Иногда я думала, ну кого бы я выбрала из этих ребят? У каждого было что-то хорошее, и всем нам вместе было очень весело. Мы играли во множество всяких игр, катались на лодках, купались, загорали, пели почти до утра и очень бережно относились друг к другу. Никогда никто никого не обидел из нашей компании. И вот я уходила с этого вокзала другим человеком. Я как будто сразу повзрослела, исчезла юношеская неуверенность, мне казалось, теперь я знаю, что я буду делать. Я стала взрослая, и чувство это было и радостное и грустное, как будто я что-то очень хорошее потеряла и что-то очень дорогое приобрела.
Через пару дней кое-как собрали мне на дорогу деньги. Одежды у меня было в обрез и никакой теплой для московской зимы. О шерстяном свитере я только мечтала. В одном чемодане я везла с собой все, вплоть до постельного белья: простыни, наволочки, полотенца, даже подушку. Второй тяжеленный чемодан был опять с продуктами.
И все, что было у меня в кармане — это несколько рублей и письмо для Тамары Гасенко, студентки какого-то не то коммерческого, не то торгового института, от ее мамы. Тамара была дочерью священника, который «расстригся», бросил больную жену и двух детей сбежал с молоденькой уборщицей куда-то в Крым.
Мой брат Шура очень крепко дружил с братом Тамары, тоже Шурой. Они вместе добровольно и в армию пошли.

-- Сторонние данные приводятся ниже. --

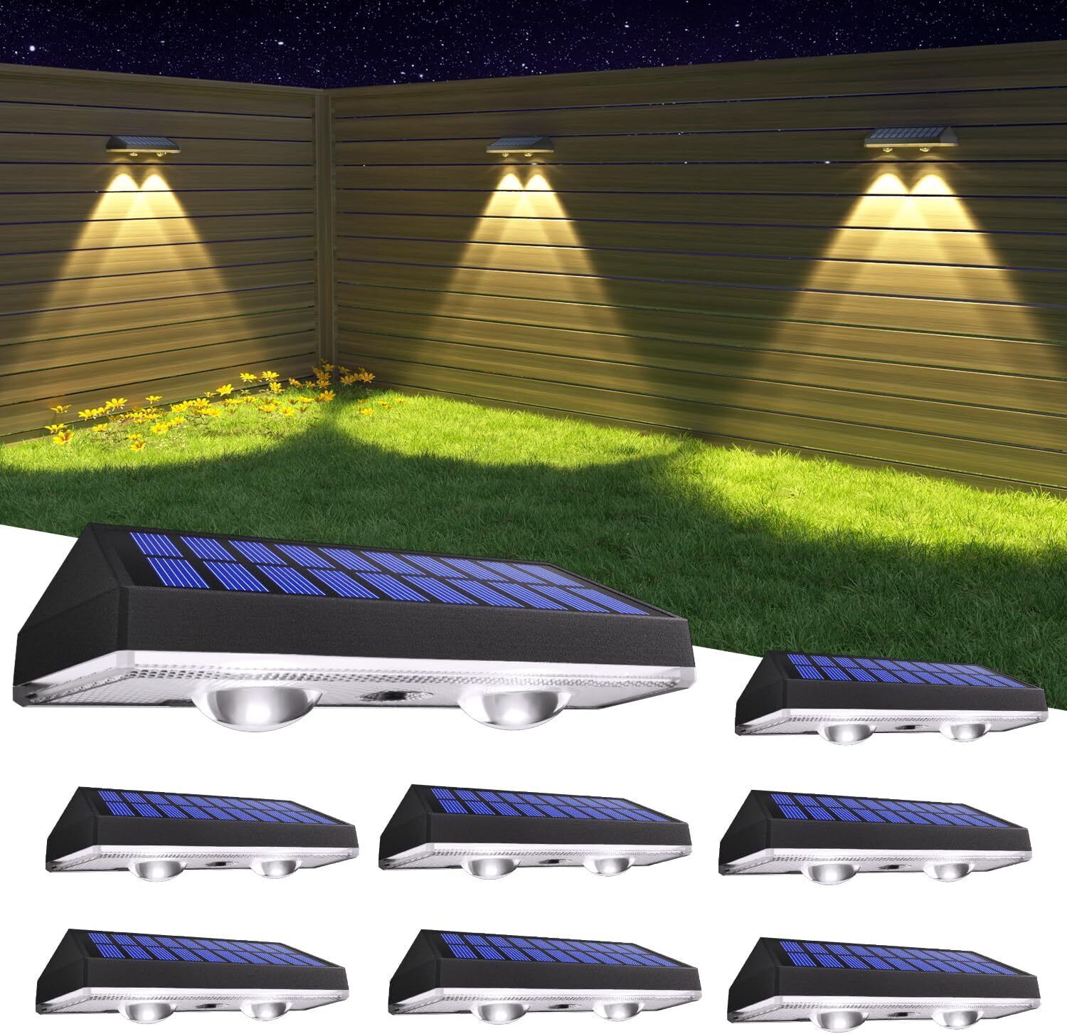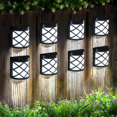 HAMLITE Solar Fence Lights Outdoor Garden: Solar Wall Lights Outdoor Waterproof - Solar Powered Garden Fence Lights 3 Color Modes for Deck Patio Decking Gate Yard Decoration 8-Pack

Эксперименты в области образования
Тамара
Сдав в камеру хранения свой багаж, я пошла бродить по городу, стараясь обмозговать, что же мне дальше делать. Попроситься переночевать у Кити, но ее тетушка уже приехала, или зайти по «старому знакомству» на Тверскую, 67? А завтра в институте, может быть, кое-что выяснится. Я была уверена, что меня и те, и другие не оставят на улице ночевать. Но сама мысль, что надо просить, была мучительно тяжела.

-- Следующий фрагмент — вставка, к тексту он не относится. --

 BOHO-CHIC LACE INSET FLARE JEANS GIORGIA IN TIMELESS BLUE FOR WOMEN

Наконец, проголодавшись, я зашла в какую-то булочную на Тверской недалеко от Почтамта. Хлеб уже давно в Москве давали по продуктовым карточкам, а всякие булочки, ватрушки еще можно было купить без карточек. Пока я сосредоточенно разглядывала, что купить, кто-то тихонько подошел ко мне сзади и закрыл мне глаза. Я обернулась — передо мной стояла Тамара:
— Откуда ты свалилась? Вот не ожидала. Когда приехала? Давно ты здесь? — засыпала меня вопросами Тамара.
— Остановись на минутку, тебя ко мне прямо бог послал.
— Ну, ты моя безбожница, — расхохоталась Тамара.
— Да и ты не шибко верующая. А я собиралась искать тебя, на, тебе письмо от мамы. Мама сказала мне, что ты вышла замуж, правда?
— Вот поедем ко мне, познакомлю со своей половиной. Но мы живем не вместе, я живу в общежитии с девчатами, он в мужском общежитии.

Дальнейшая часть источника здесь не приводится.